** Recorded data follows **
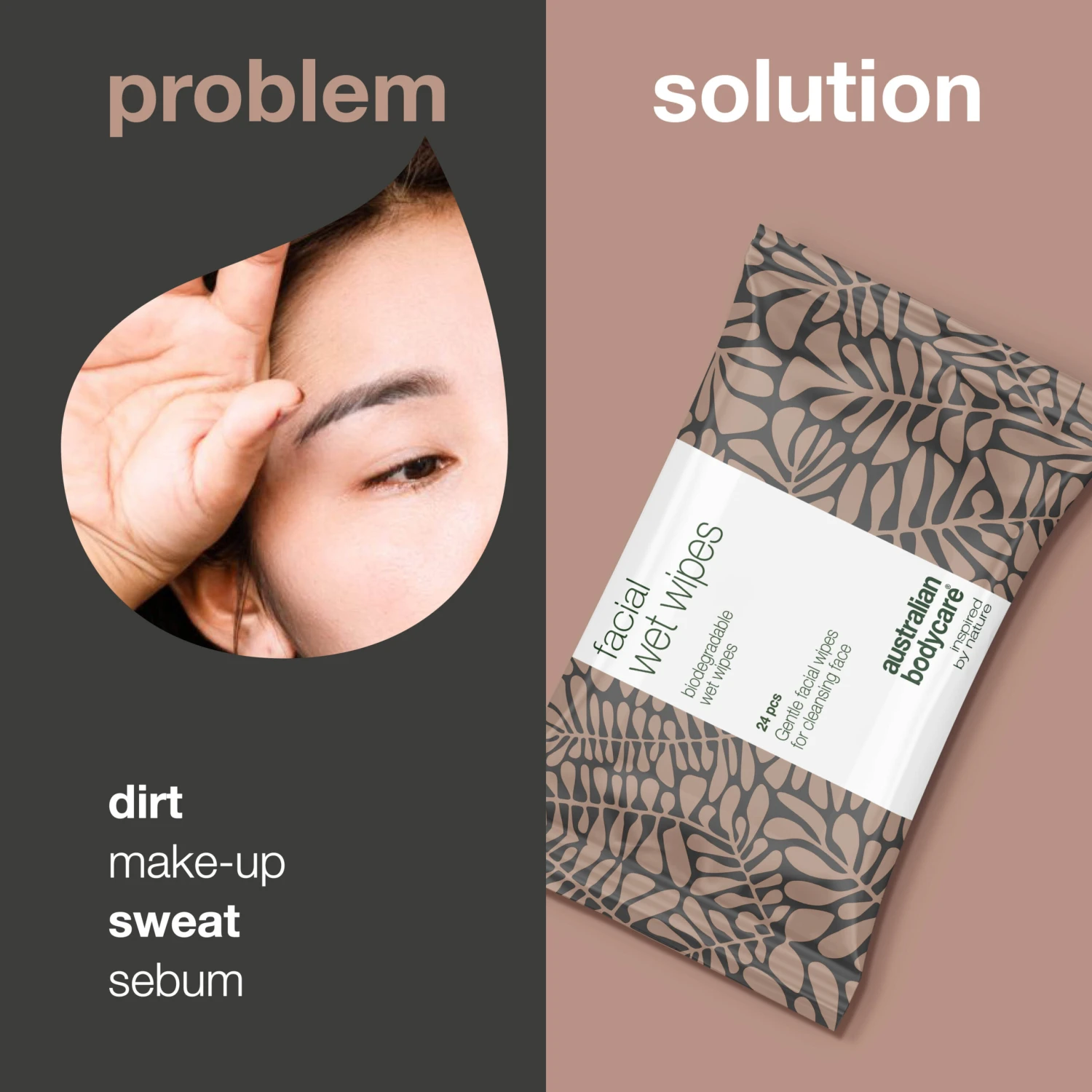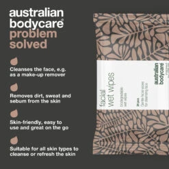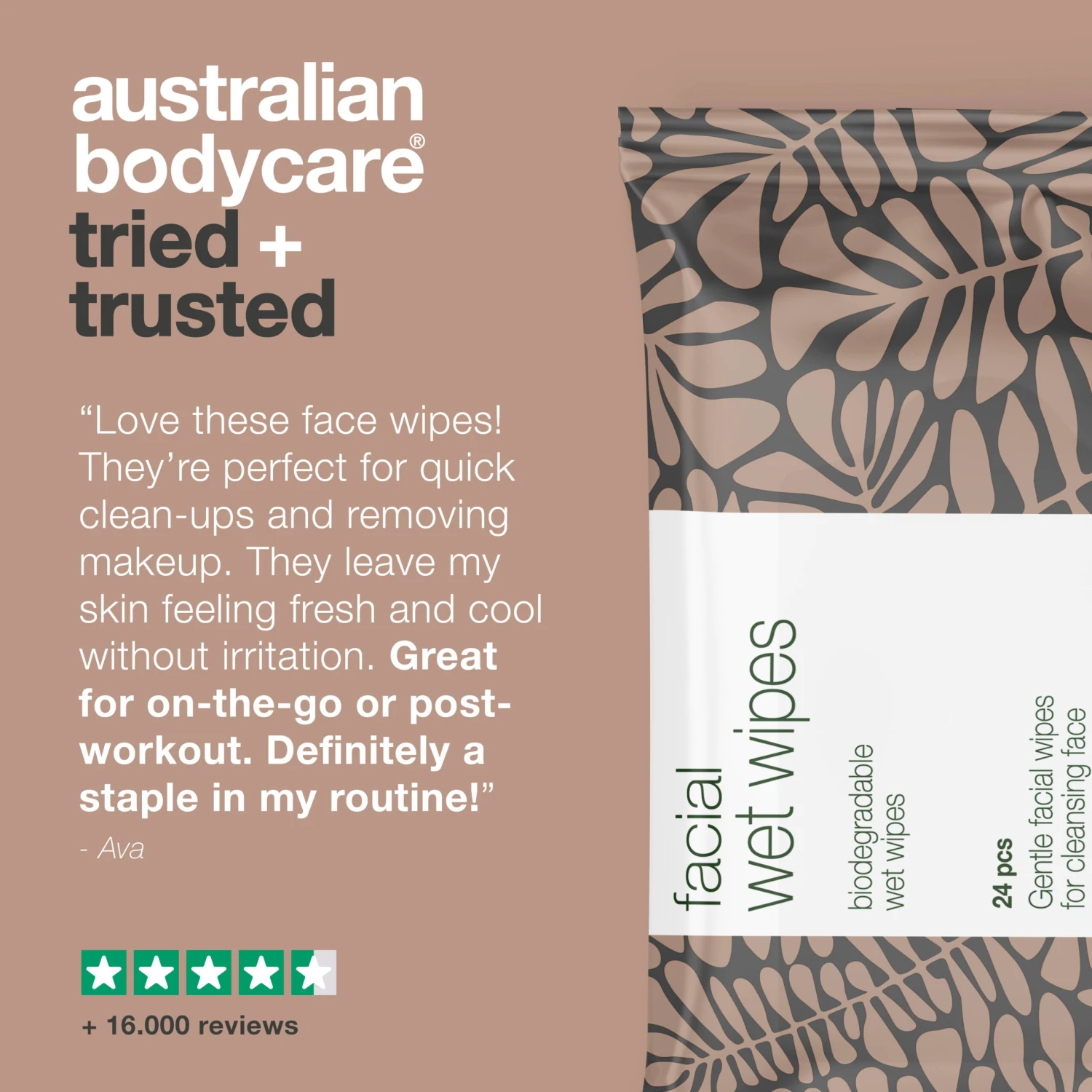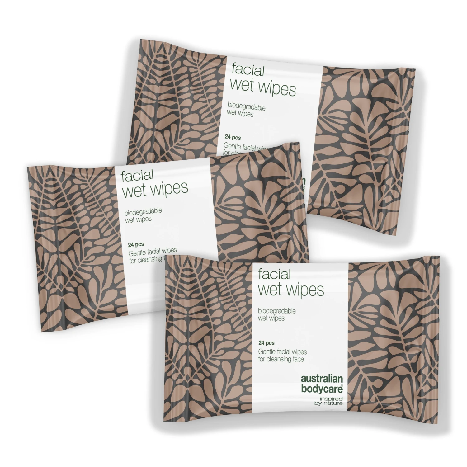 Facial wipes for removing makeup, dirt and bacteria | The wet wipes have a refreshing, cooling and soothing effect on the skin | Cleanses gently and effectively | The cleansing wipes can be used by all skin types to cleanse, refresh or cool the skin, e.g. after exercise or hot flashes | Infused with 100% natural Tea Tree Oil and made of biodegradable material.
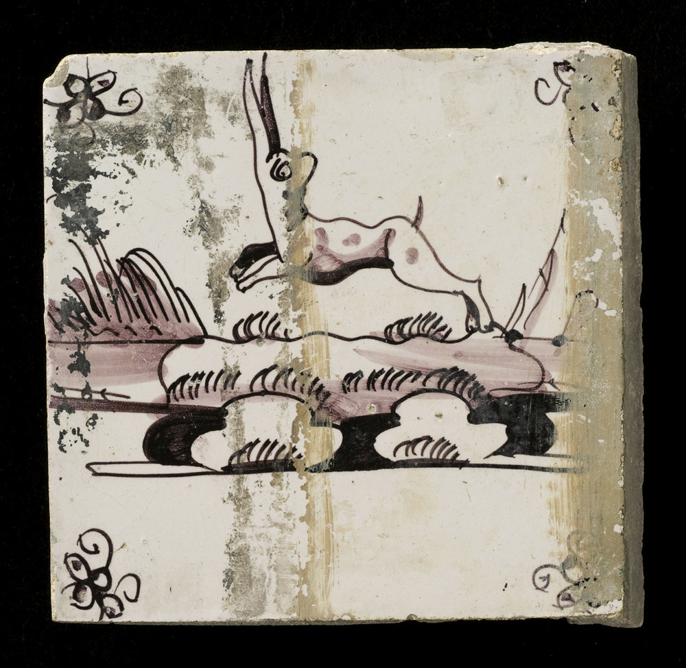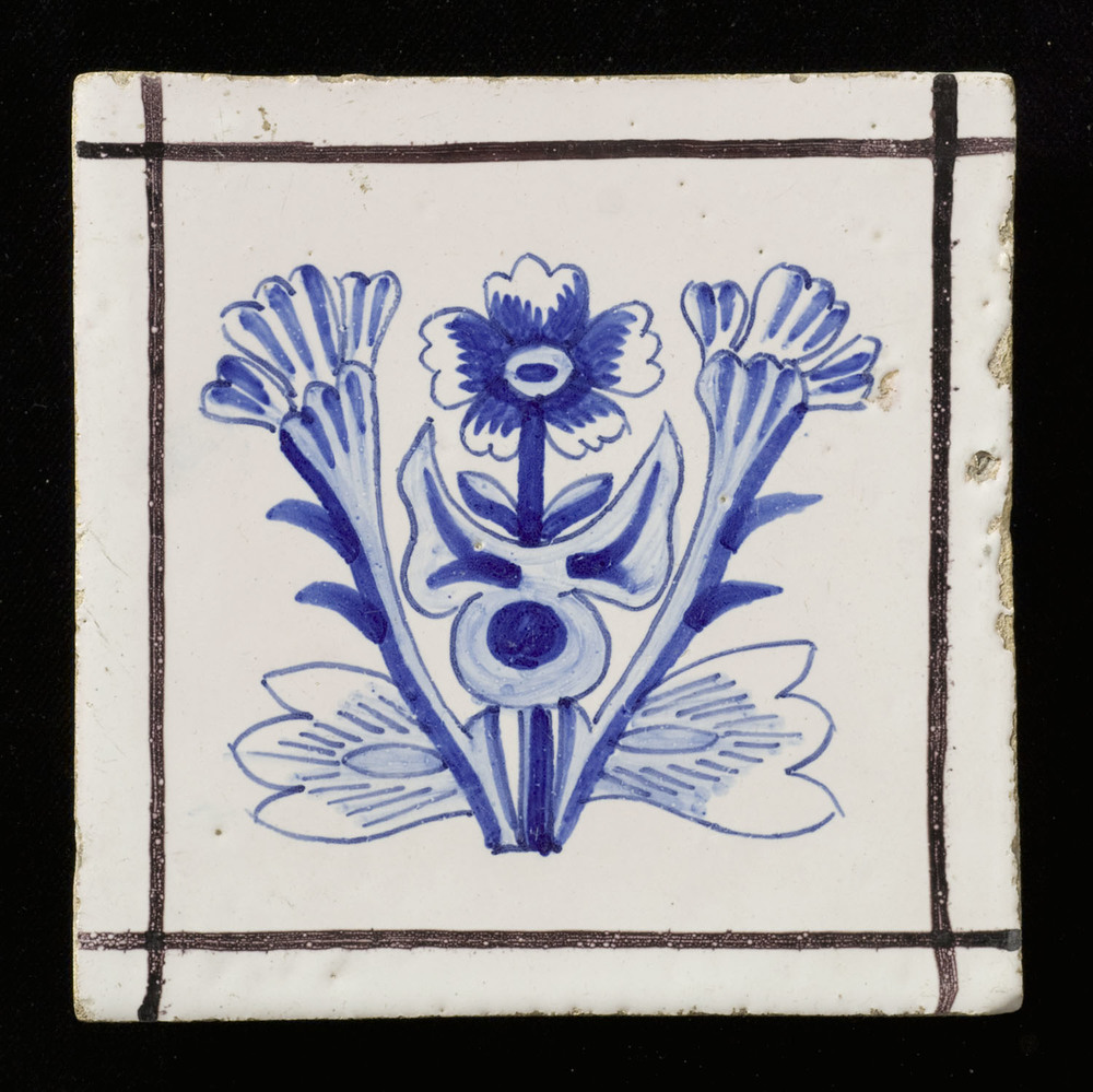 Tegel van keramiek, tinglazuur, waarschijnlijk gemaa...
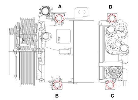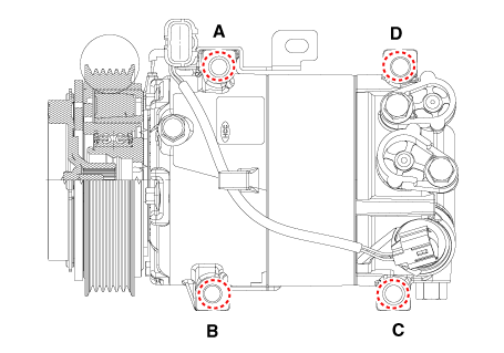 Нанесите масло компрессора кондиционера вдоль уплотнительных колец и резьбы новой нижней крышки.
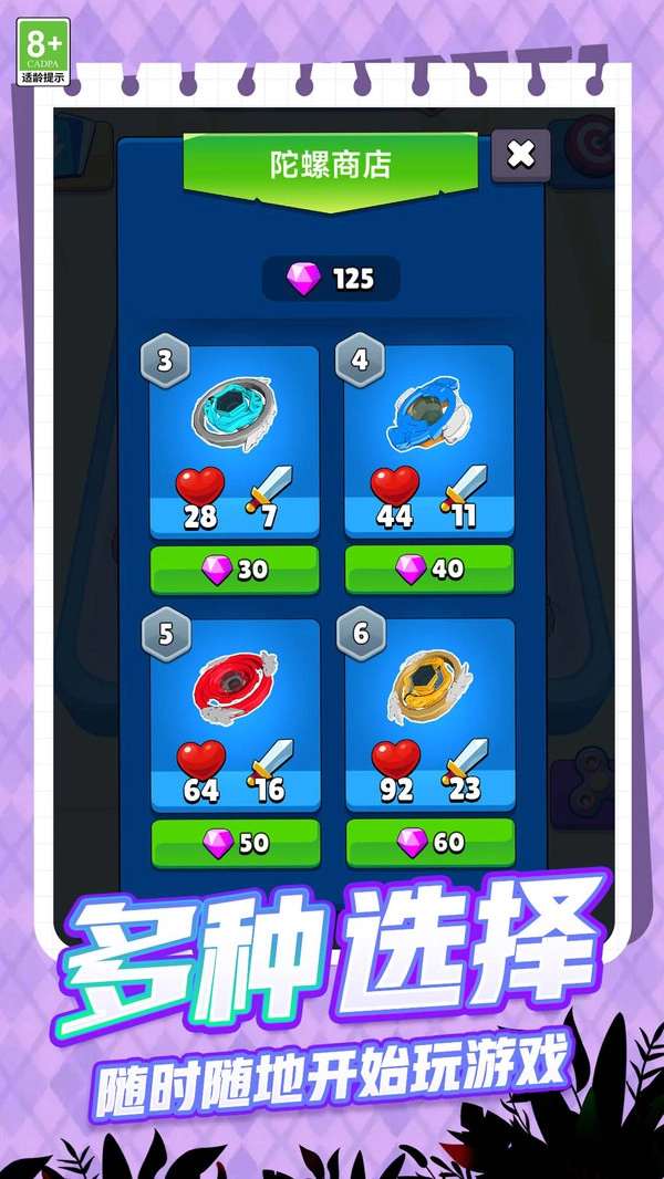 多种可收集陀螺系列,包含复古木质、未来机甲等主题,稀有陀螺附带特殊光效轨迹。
** End of Recorded data **
Could the data be reproduced exactly, with the pictures omitted?

 Facial wipes for removing makeup, dirt and bacteria | The wet wipes have a refreshing, cooling and soothing effect on the skin | Cleanses gently and effectively | The cleansing wipes can be used by all skin types to cleanse, refresh or cool the skin, e.g. after exercise or hot flashes | Infused with 100% natural Tea Tree Oil and made of biodegradable material.
 Tegel van keramiek, tinglazuur, waarschijnlijk gemaa...
 Нанесите масло компрессора кондиционера вдоль уплотнительных колец и резьбы новой нижней крышки.
 多种可收集陀螺系列,包含复古木质、未来机甲等主题,稀有陀螺附带特殊光效轨迹。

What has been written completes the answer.